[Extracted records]
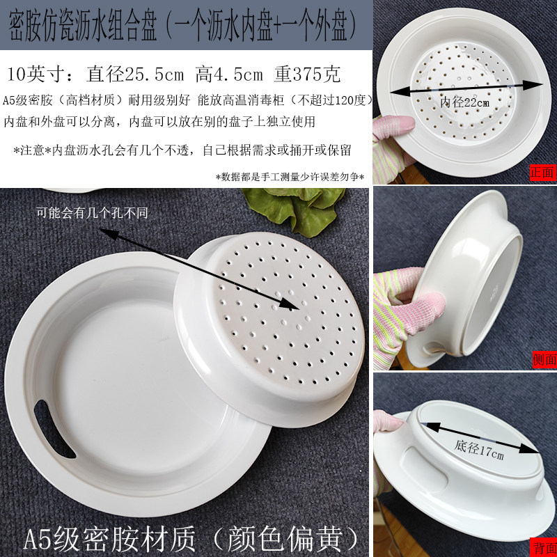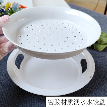 水饺盘双层密胺商用圆形沥水10英寸仿瓷耐摔盘子水果盘饺子餐具碟
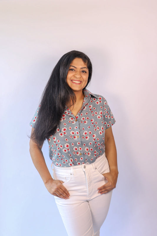 Short Sleeve Block Print Shirt - Daisy
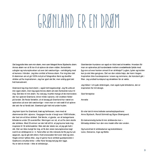 Farverne blå, hvid, grå og brun er gennemgående og tegner helheden i strikkebogen.
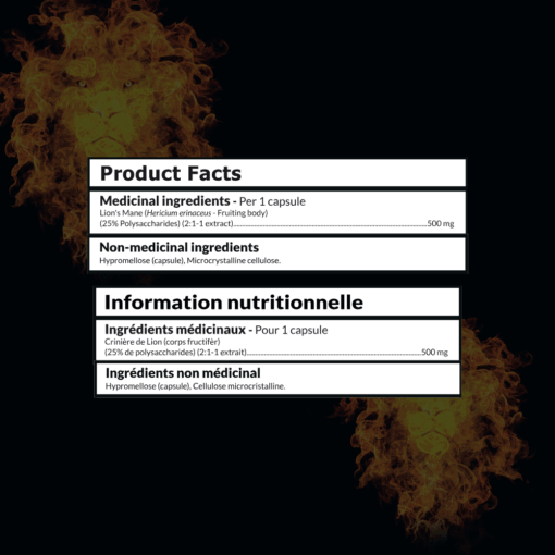 Ingredients: Lion’s Mane Mushroom Extract (Hericium erinaceus) Fruiting Bodies (Std. to min. 25% Beta Glucans)
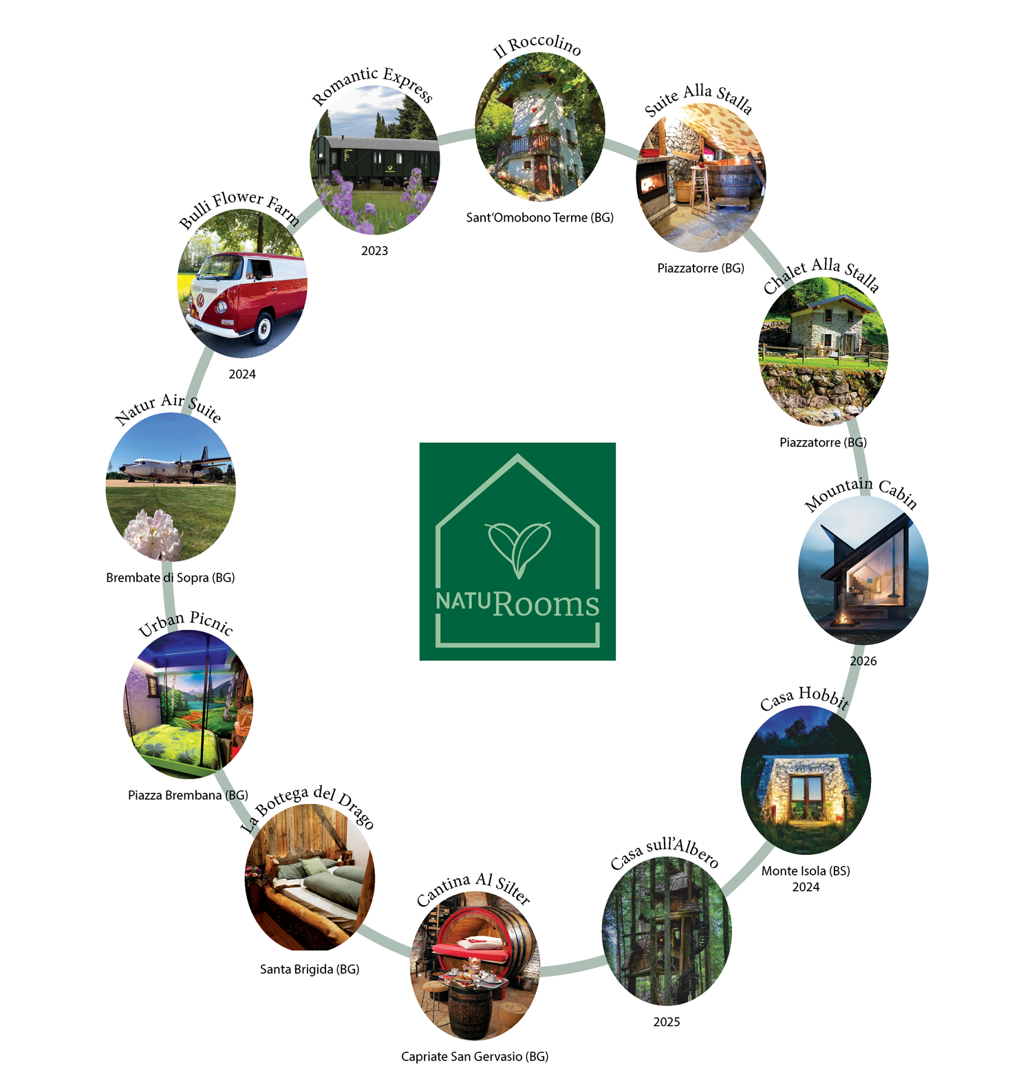 Naturooms nasce con l’intento di creare e gestire un circuito di location extralberghiere ESPERIENZIALI UNICHE ED ESCLUSIVE, dislocate in Lombardia e prossimamente sul territorio Nazionale, per concedere al “Turista moderno” la possibilità di vivere esperienze diverse in location inusuali ed originali, completamente immerse nella Natura ed ECO SOSTENIBILI.

TASK TO CARRY OUT = Images are to be omitted; repeat the remaining data above exactly.

RESULT OF THE TASK =
 水饺盘双层密胺商用圆形沥水10英寸仿瓷耐摔盘子水果盘饺子餐具碟
 Short Sleeve Block Print Shirt - Daisy
 Farverne blå, hvid, grå og brun er gennemgående og tegner helheden i strikkebogen.
 Ingredients: Lion’s Mane Mushroom Extract (Hericium erinaceus) Fruiting Bodies (Std. to min. 25% Beta Glucans)
 Naturooms nasce con l’intento di creare e gestire un circuito di location extralberghiere ESPERIENZIALI UNICHE ED ESCLUSIVE, dislocate in Lombardia e prossimamente sul territorio Nazionale, per concedere al “Turista moderno” la possibilità di vivere esperienze diverse in location inusuali ed originali, completamente immerse nella Natura ed ECO SOSTENIBILI.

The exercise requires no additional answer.